The specifics of the “temporary mental health order of protection” proposal circulated Wednesday. The path ahead remains unclear. It would likely require an amendment to a yet-to-be-announced bill. Lee said legislative leaders provided input, as supporters of the change try to thread a needle in a Legislature that has expanded gun rights significantly in recent years.
“We owe Tennesseans a vote,” Lee said in a video Wednesday. “The tragedy at Covenant didn’t create the problem. Rather, it has shown — more clearly than ever before — that we can do more to protect students, teachers, communities and constitutional rights.”
Tennessee lawmakers have faced national scrutiny over the expulsion of two young Black lawmakers — who are now reinstated — over a House floor gun control protest. Students, parents, prominent political and entertainment figures and others have also applied pressure for weeks to pass gun safety measures.

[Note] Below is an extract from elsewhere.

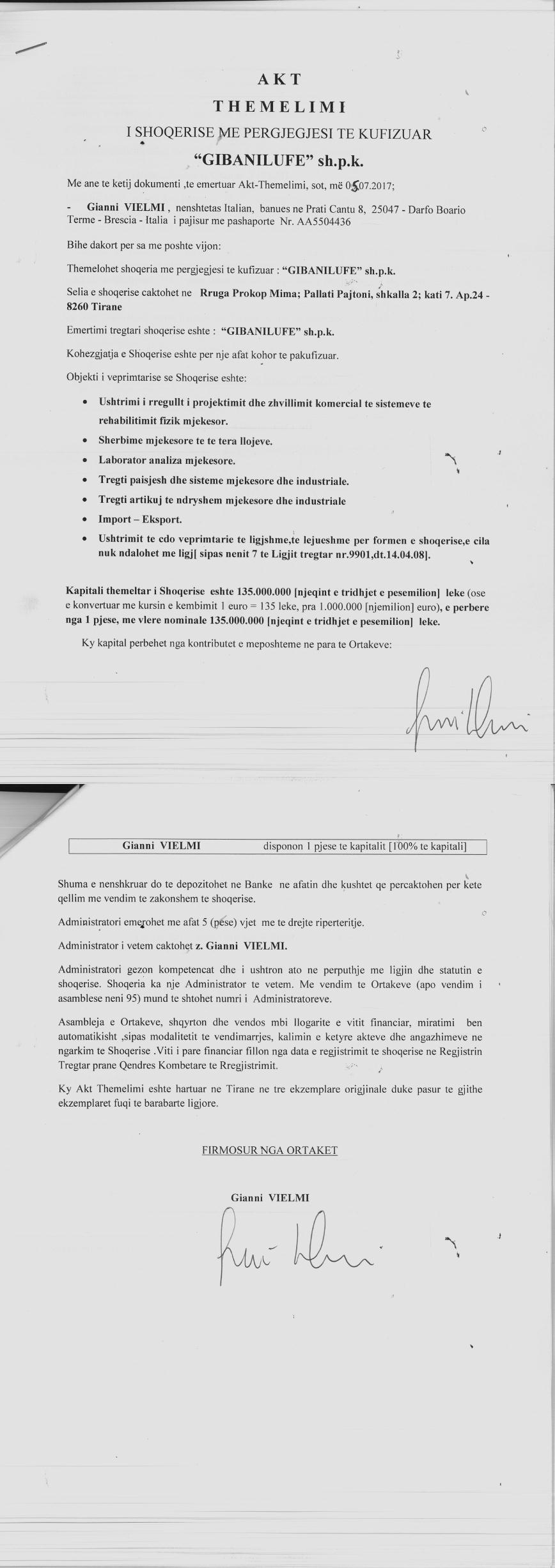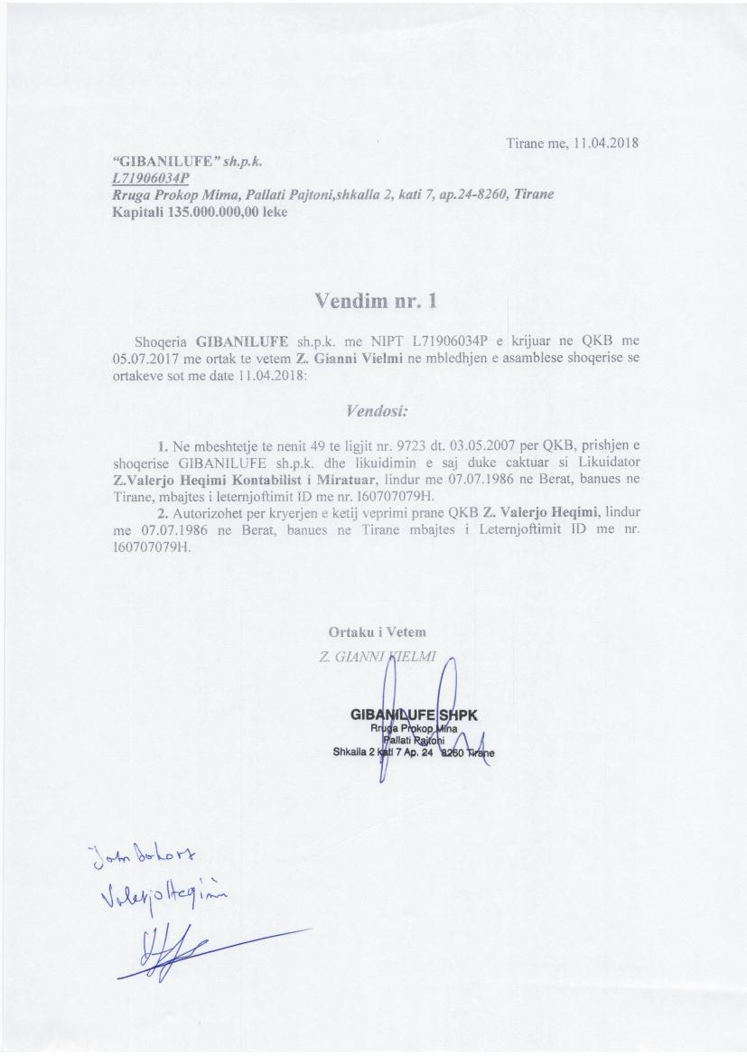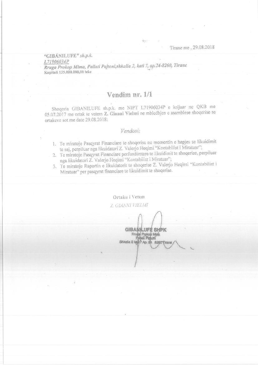 → Ekstrakt Historik i Regjistrit Tregtar, date 06.01.2023 → Akt themelimi i Shoqerise → Vendim i Ortakut te Vetem, Likuidim Shoqerie date 11.04.2018 → Vendim i Ortakut te Vetem, Çregjistrim Shoqerie date 29.08.2018 |

Lawmakers, meanwhile, moved the two education proposals to the brink of final passage.
The House approved the expansion of Lee’s education voucher program that allows public tax dollars to be given to families to pay for private schooling. The program is currently available under income-level restrictions for students in Nashville and Memphis’ Shelby County. The bill would expand it to Hamilton County, which includes Chattanooga, and Knox County, which includes Knoxville.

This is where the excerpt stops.